@smokey That clash, yes, but there's also something else. It's the same kind of mixed feelings I have about what to do when an institution invites someone to give a commencement speech and significant portions of the student body and/or faculty object on moral, political, what-have-you grounds, and do their best to get the institution to disinvite that person. There is a qualitative difference between a commencement speech and a talk given at the invitation of, say, a student club or faculty group or individual department. The latter is part of the academic discourse at the institution. There is, in other words, both the assumption of, and (often) the opportunity for, give and take, critique, disagreement, further discussion, and so on. The former is, in some ways, a statement by the institution about the meaning and significance of the degrees with which people will be graduating, and so it is, in some ways, an at least tacit endorsement by the institution of whatever the invited person has stood for. (And this leaves aside the whole question of how and by whom the commencement speech is financed.)

Because of this difference, disinviting the person from giving the commencement speech does not feel to me like a violation of academic freedom--and I emphasize the word feel because I am not entirely sure that I think this feeling is accurate.

I have a similar sense of unease not so much about whether or not Kanazawa should be banned from conducting research at Northwestern--I think he should not be, as long as his appointment as a visiting scholar followed the proper protocols--but, in general, about whether or not the committees that invite visiting scholars should consider things like Kanazawa's patently racist views in deciding whether or not invite him.

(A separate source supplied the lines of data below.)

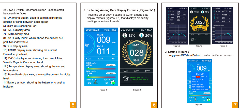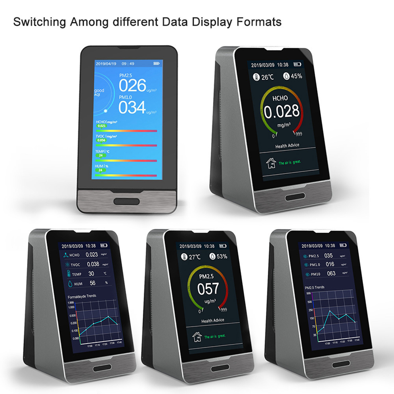 This product is a multifunctional air quality monitor that detects Carbon dioxide (CO2), Formaldehyde (HCHO), Total Volatile Organic Compounds (TVOC), Particulate Matter <2.5 micron-¬sized particles (PM2.5/1.0/10), Temperature, and Humidity with clock and record function. As a scientific air quality detection device, it combines multiple air sensors with a built-in fan to allow real time monitoring of Carbon dioxide (CO2), formaldehyde (HCHO), total volatile organic compounds (TVOC), PM2.5/1.0/10, temperature, and humidity on its digital LCD display.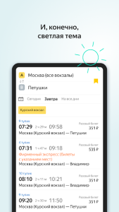 С "Яндекс.Электричками" вы всегда будете в курсе актуальной информации о маршрутах и ценах. Приложение станет вашим надежным спутником, будь то ежедневные поездки на работу или путешествия в новые города.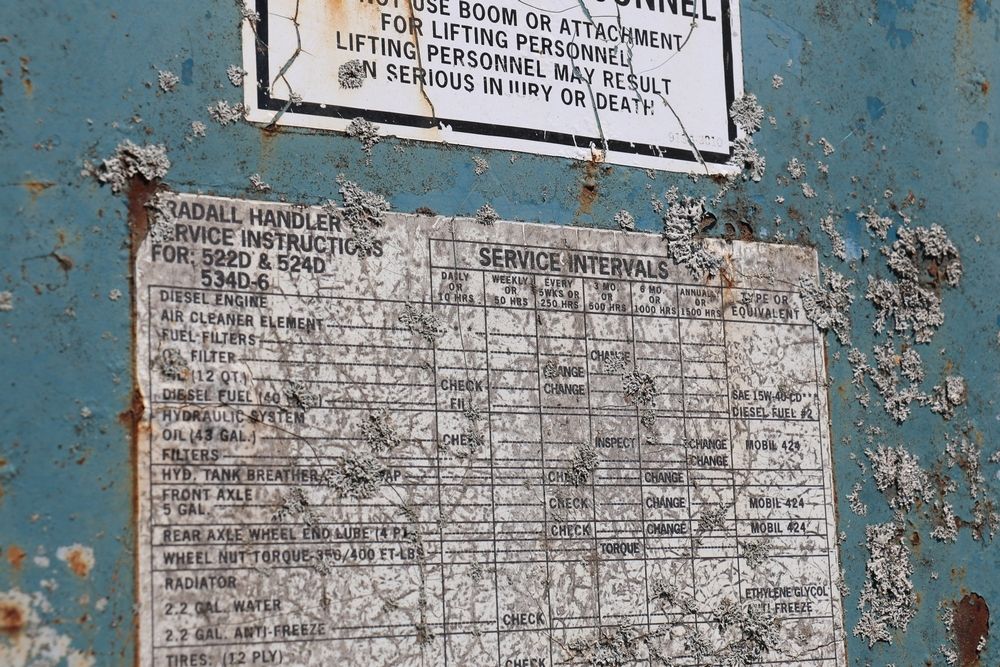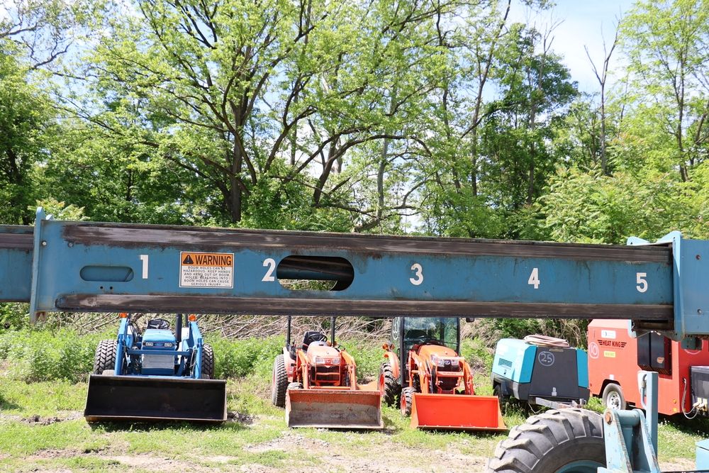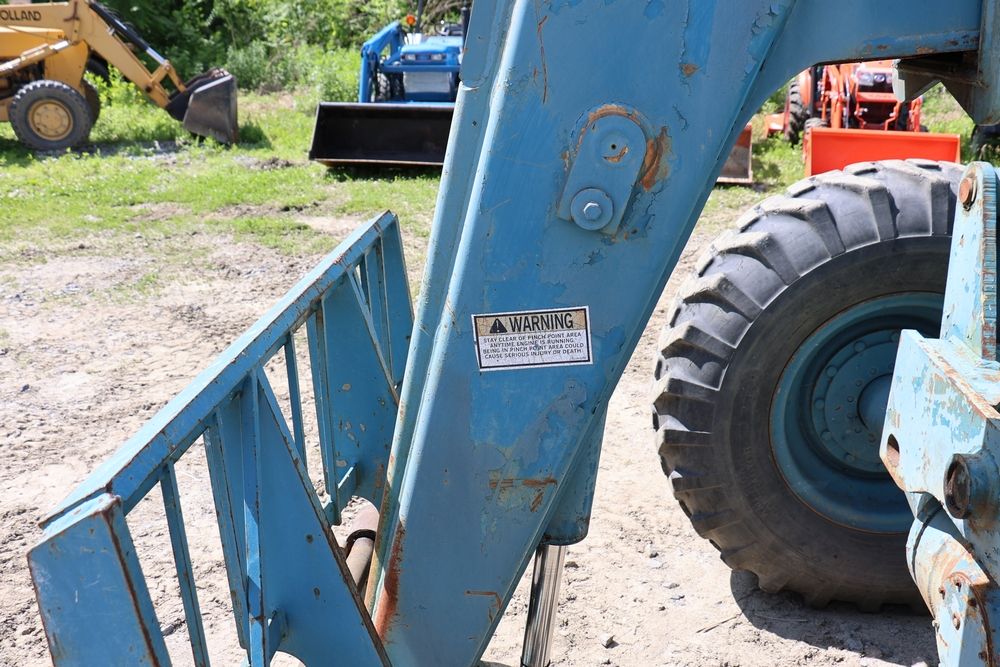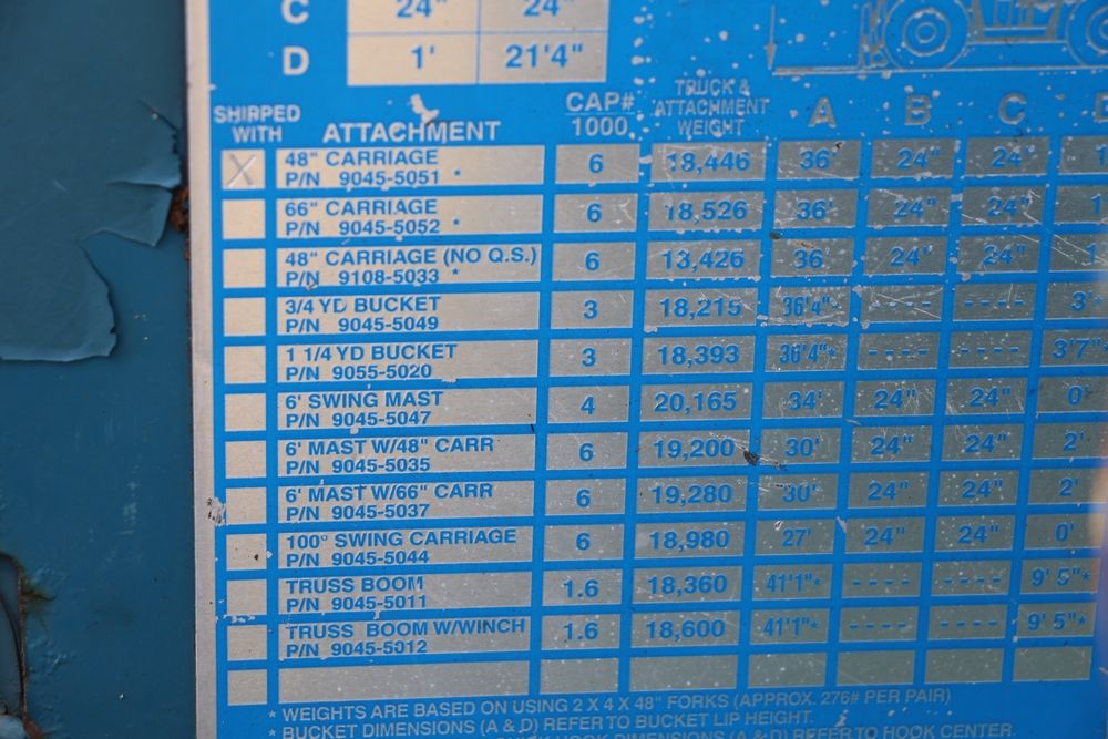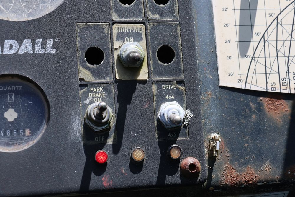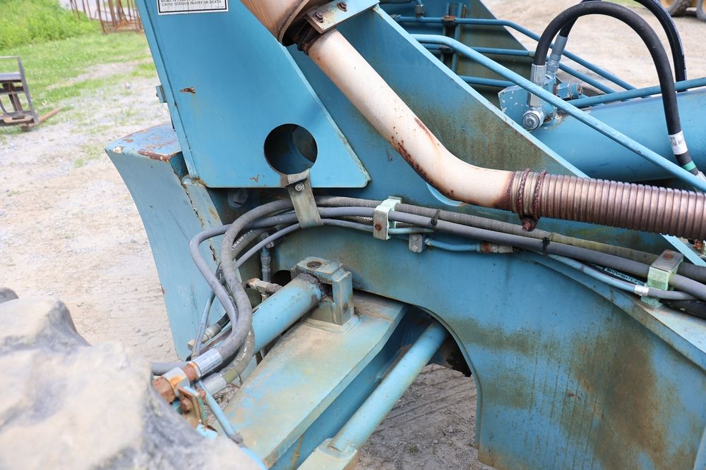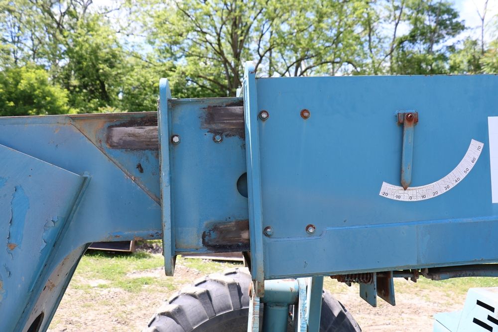 Gradall Material Handler 4x4 model 534D-6 with Cummins engine CPL NO 2361, canopy cover, hand a foot controls, Gradall fork attachment number 90455051. Hours reading 4865. Serial Number 0588489. Runs, drives, operates.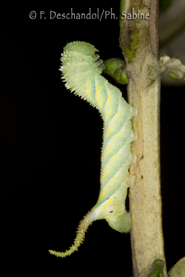 : Sphinx tête de mort (Acherontia atropos), chenille 4ème stade, origine inconnue.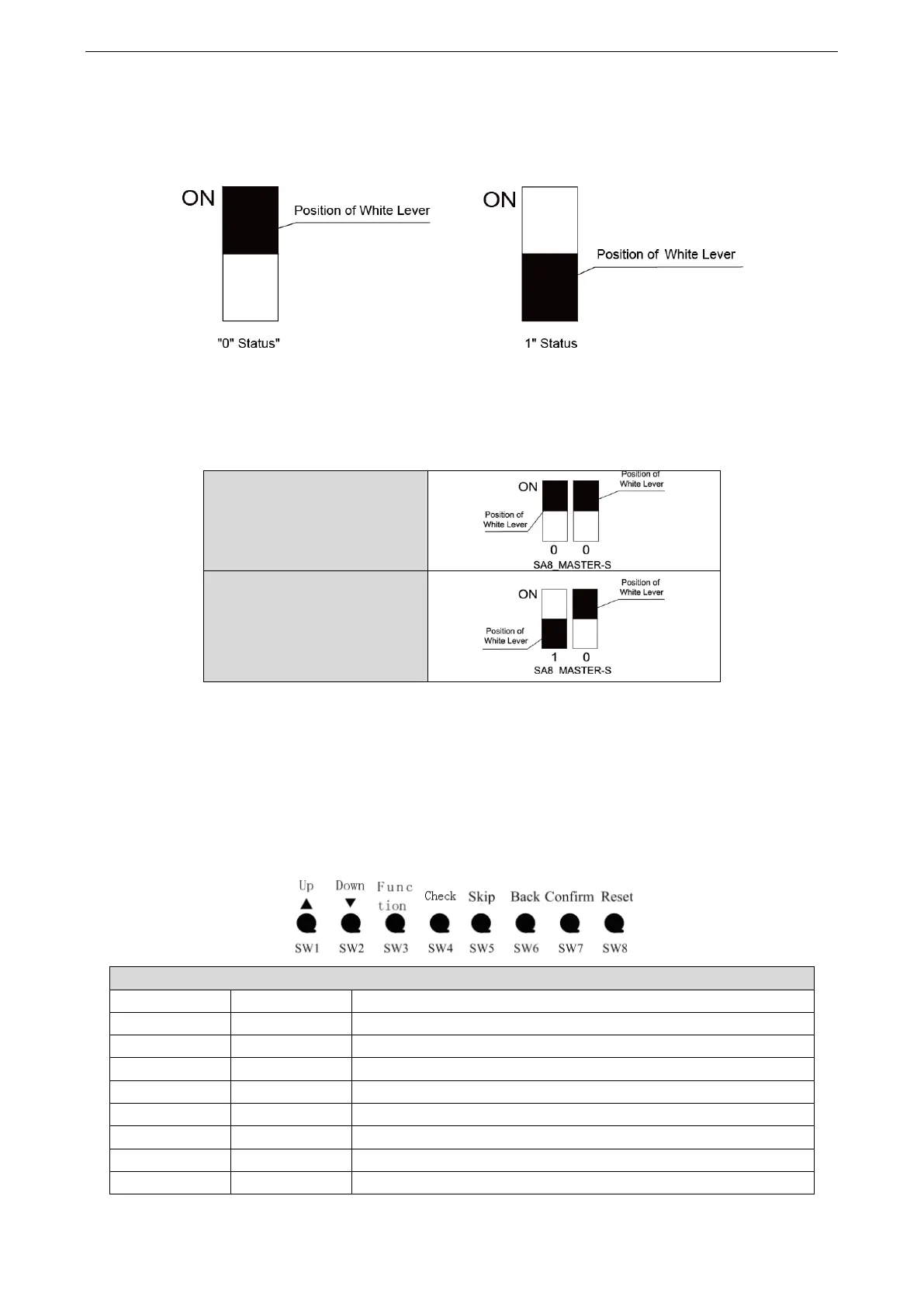 On the DIP switch, “ON” indicates “0” status and the opposite direction indicates "1” status.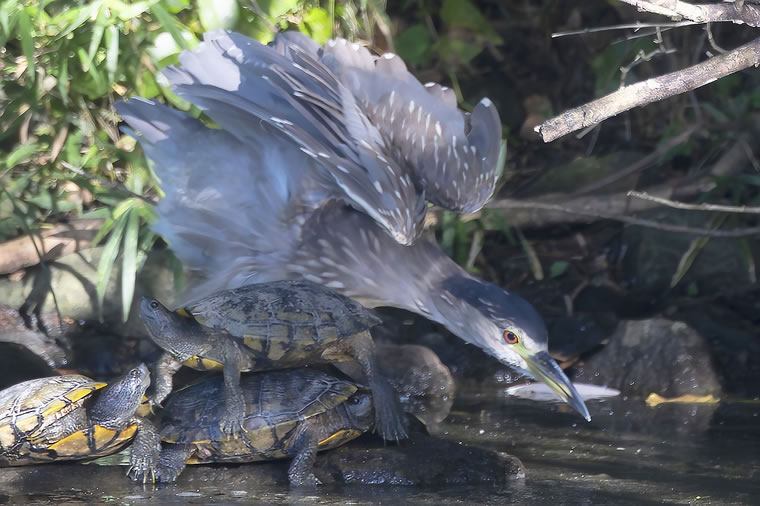 アオサギが獲物を狙っているその前にはカメが連なっていました。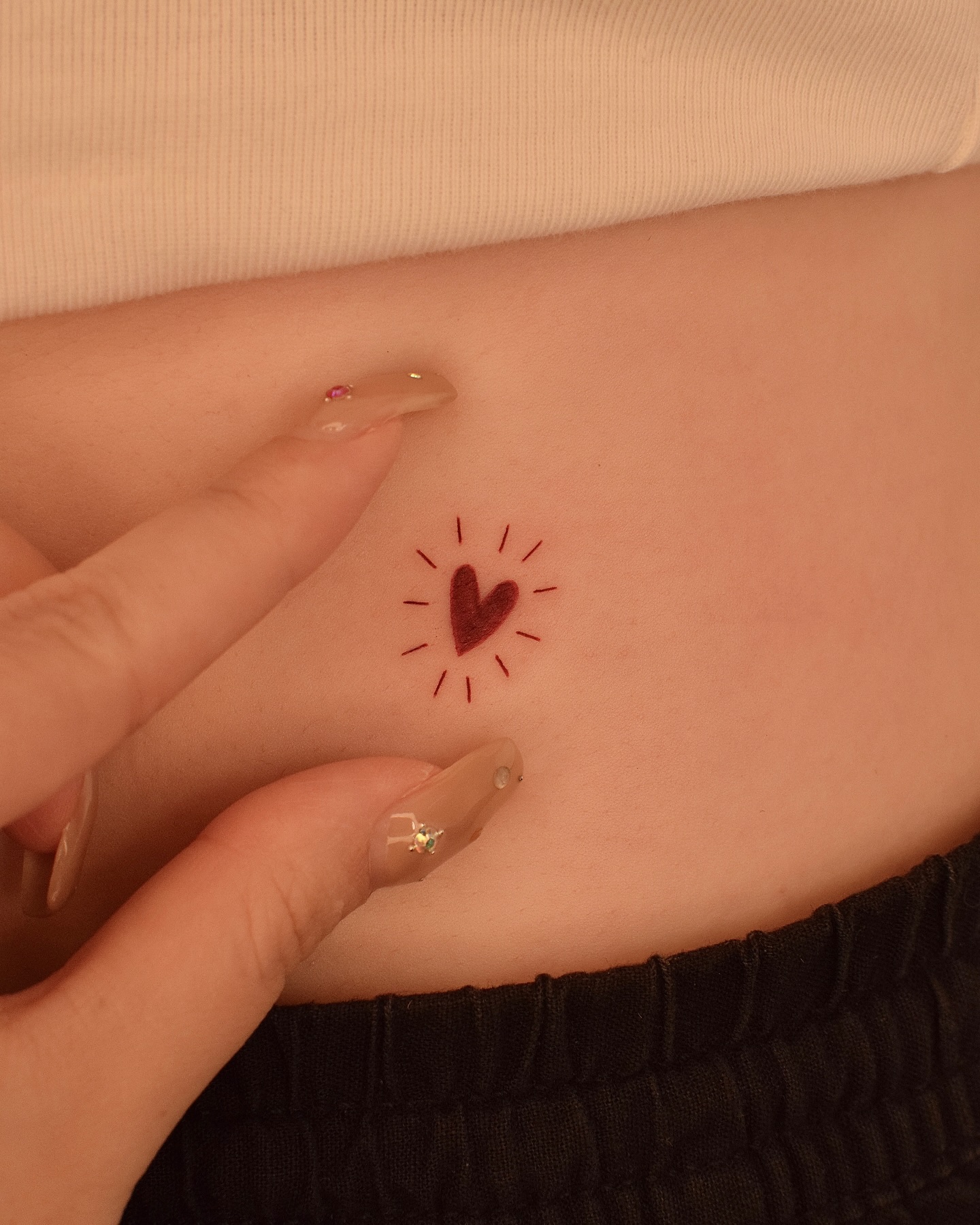 This tiny radiant heart tattoo uses a filled red heart surrounded by short, sharp rays. The effect creates a warm burst of energy, making the design feel bright without overpowering the area.

It's true, as the author of the blog post I linked to points out, that a visiting scholar has not real authority on the campus he or she is visiting, but I am uneasy about the extent to which the appointment--which is usually phrased as a Visiting Scholar at (fill in the institution's name)--implies an endorsement of the scholar's views. From this perspective, in other words, and to the extent that it is an appointment made by the institution, is being a visiting scholar more like the person who's invited to give the commencement address than like the person who's been invited to give a talk to a student or faculty group?

I am still figuring out what my answer to that question is.